The smell envelops the kitchen and all I can do is smile as I think about the taste once she has completed it.

“I should have brought cookies with me. You always loved it when you drank it with cookies.”

I did like her homemade cookies. Somehow Abuela always manages to calm the beast inside of me. She does as she pours the hot chocolate into the mug, and then sprinkles some cinnamon on top of it.

“This is what you need. Not whatever poison you were pouring into your mouth earlier.”

“You’re right. You’re always right and I am wrong.”

She shakes her head, and then uses one hand to cup my face and stares me dead in the eye. It’s as if she’s reaching out to me, not only my mind, but my soul too.

“Not every time an elder is right, but we do know what is best at times. Except for your father. Maybe one day he’ll stop torturingtu madrestra2 and set her free.”

I don’t pry anymore, because I can’t even deal with my own problems let alone worry about whatever torture he’s putting my stepmother through at the moment.

“This house is too lonely for you. Moving into Lucas’s apartment and helping him out will do you the world of good.”

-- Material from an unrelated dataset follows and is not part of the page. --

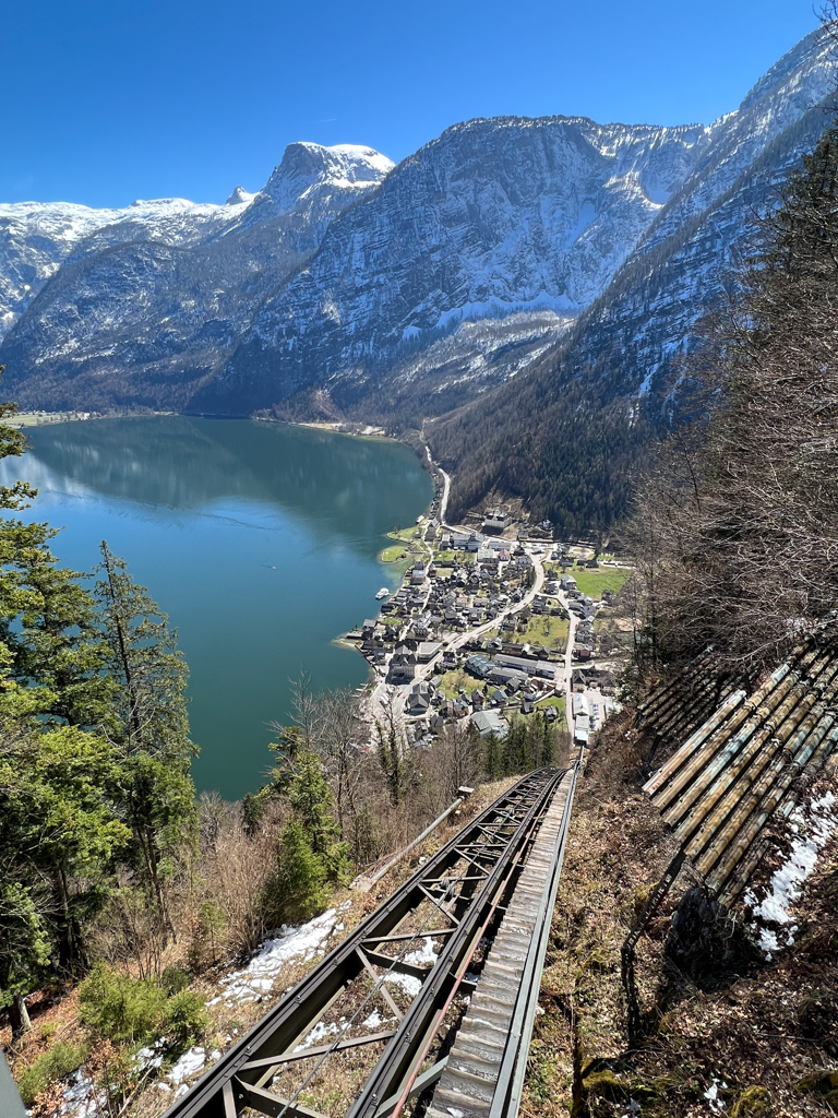 We started our exploration by taking the Salzwelten funicular railway to get to the Hallstat Skywalk viewing platform. The cable car runs every 15 minutes and takes you to the top station in about 2 minutes. You can also hike up the Salzberg.

Did I say that I would move in?

No, I didn’t, but as she raises an eyebrow, I can tell she’s not putting words in my head, but an idea.

“I’m not sure about Lucas,” I say as I blow on my hot chocolate.

“You’re both as bad as each other. He’s killing himself to save everyone and you’re killing yourself to make more money.”

“More money makes sense,” I say as I can finally take a sip of my hot drink, I’ve been watching her make it impatiently.

“It only makes sense to you.”

I disagree with her observation. “No. People do not appreciate what you do for them. They always want more.”

“What have you done for anyone to make this observation? The only time you’ve done any charity work is with your brother and I know they appreciate him for his hard work and compassion.”

She’s right about that, I’ve never seen anyone disagree or even put Lucas down about his heart. Maybe that’s where we differ. I don’t need anyone to validate my good work, but then she’s right, it’s only good work for myself.

“Abuela, tell me why you need to go to Madrid.” I change the subject, there’s too much focus on me at the moment. I don’tlike it. Lucas does it, because he has always been the kind one out of the three of us. He has been the one who will help an injured animal, which is why I assumed he would be a vet when he grew older. One thing is for sure, he has never expressed an interest to help the business grow or earn more money, which is why he lives in a two-bedroom apartment in the wrong side of Manhattan.